I am brand new to this so please go easy on me. I have just taken over a project where we are going to be doing variant calling on a large number of human samples. I have inherited a number of scripts that are at least a few years old. I decided I wanted to follow the GATK best practices while noting the differences between the them and the scripts I have. I'm currently trying to push a single family (5 individuals) through the pipeline before applying it to all of the other samples I have.

So, first of all, all of my raw data is stored as paired-end reads in fastq format, I have no uBAM files available to me. According to the data pre-processing for variant discovery steps, the "reference implementations expect the read data to be input in unmapped BAM (uBAM) format. Conversion utilities are available to convert from FASTQ to uBAM." So the first thing I did was use FastqToSam to do the conversion yesterday. This is not an insignificant task, I ran each sample for my test family in parallel and it took roughly 5 hours.

I understand the benefit of using uBAM from the get-go (keeping some metadata that is discarded in fastq as described here: https://gatkforums.broadinstitute.org/gatk/discussion/5990/what-is-ubam-and-why-is-it-better-than-fastq-for-storing-unmapped-sequence-data), but I don't see the benefit of doing this conversion if the first step of the alignment is to convert this uBAM back to fastq before running bwa mem and samtools view. The next step would be to use MergeBamAlignments to merge the mapped and unmapped alignments which I guess I couldn't do if I did not do the original fastq->uBAM conversion.

Basically, my question is if the initial conversion from fastq to uBam is necessary or even recommended in this case. I don't see how it could have any added benefit and converting from and to fastq will incur a significant overhead. For what it's worth, the script I inherited simply ran 'bwa mem' on the paired-end reads and piped the output into 'samtools view -bh' to create the aligned BAM file. From here they would move on to the marking of duplicates. If I don't convert to uBAM and then skip the MergeBamAlignments, will that have an impact on me being able to apply the best practices down the line? I want to stick as close to the best practices as I possibly can, but If I can cut out some unnecessary computation time then that would be great.

Thanks!

Best Answers

Answers

  • Thanks for answering.

    So the fact that I'm converting from fastq to uBAM in the first place doesn't affect this at all? I would've thought that a lot of the important metadata would've already been lost since I don't have access to the BAM files straight from illumina. However, what you are saying sounds like it would still be worthwhile and would not be possible without first converting the fastq files to uBAM.

    Again, I am very new to this so I don't exactly have all of the background knowledge.

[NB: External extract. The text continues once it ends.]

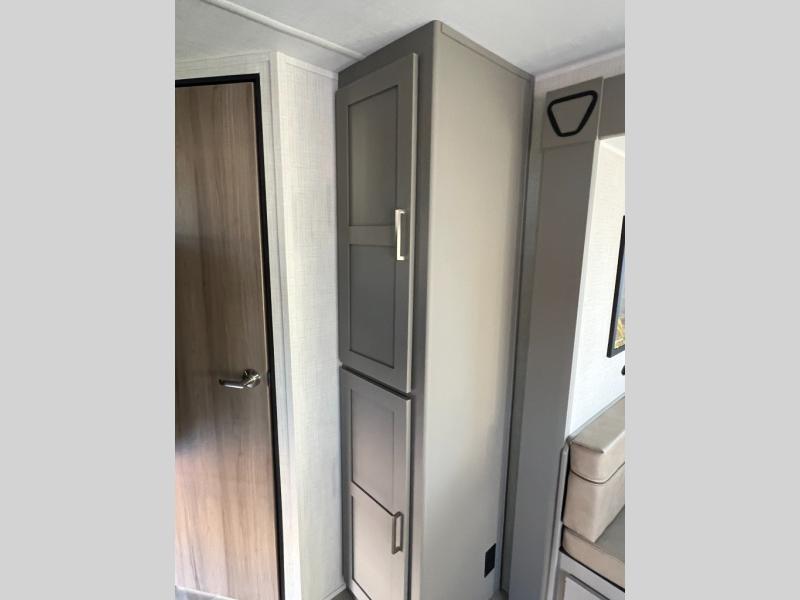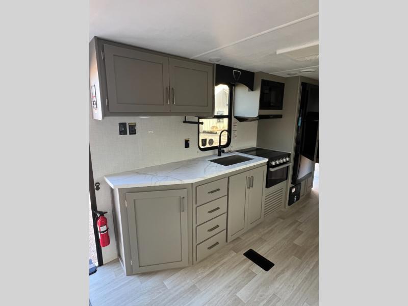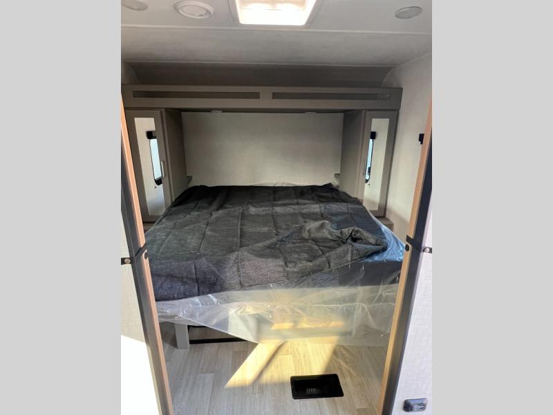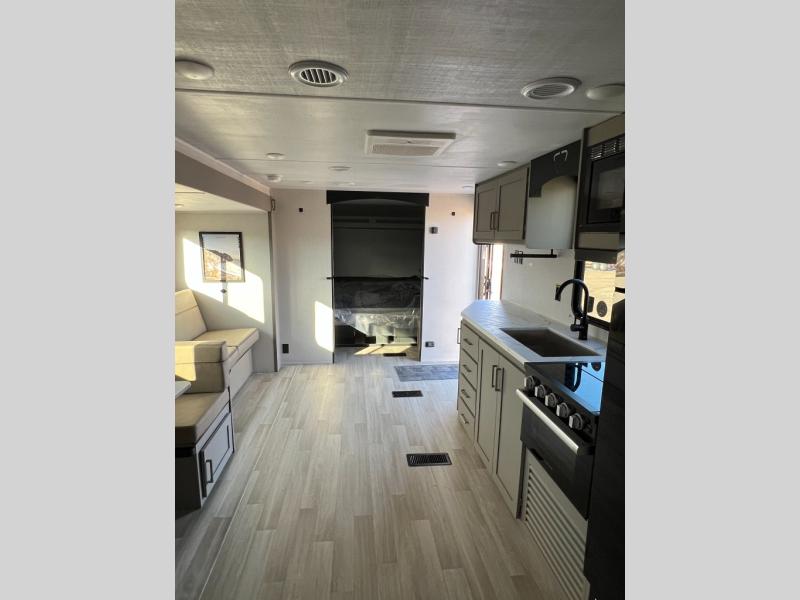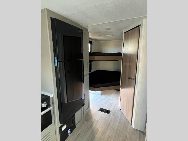 Pack your bags and head to your favorite camping spot in this travel trailer for eight! Your guests or little ones are sure to enjoy the double-size bunks, which are adjacent to the full bath for easy access at night. The large slide out creates a spacious living area and kitchen, giving the chef ample room to cook on the three-burner cooktop. There is a booth dinette and sofa within the slide that will provide space to relax, dine, and even convert to additional sleeping space. You'll find your own space up front in the private bedroom, complete with a walk-around Olympic RV queen bed, dual wardrobes and an overhead shelf for books!
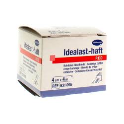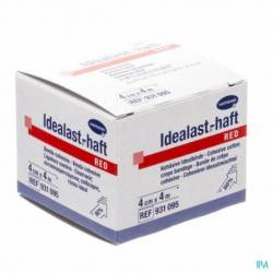 Bandage élastique de couleur rouge.Idealast®-haft est un bandage cohésif durablement élastique, à allongementcourt, d'une extensibilité de 90 % environ, l'effet cohésif des deux faces assure l'ajustement parfait du bandage, une bonne pression de travail et une faible pression au repos ; le bandage blanc radiotransparent est perméable l'air et stérilisable (vapeur à 134°C).

Thanks again for answering.

  • SkyWarriorSkyWarrior TurkeyMember

    You can map your reads to your reference using bwa. you don't need to have anything from illumina other than your raw reads or raw basecalls. So generating unmapped bam and merging that to the first alignment from bwa is to restore all the information and add metadata on the alignment file. After that just continue with merged aligned file only.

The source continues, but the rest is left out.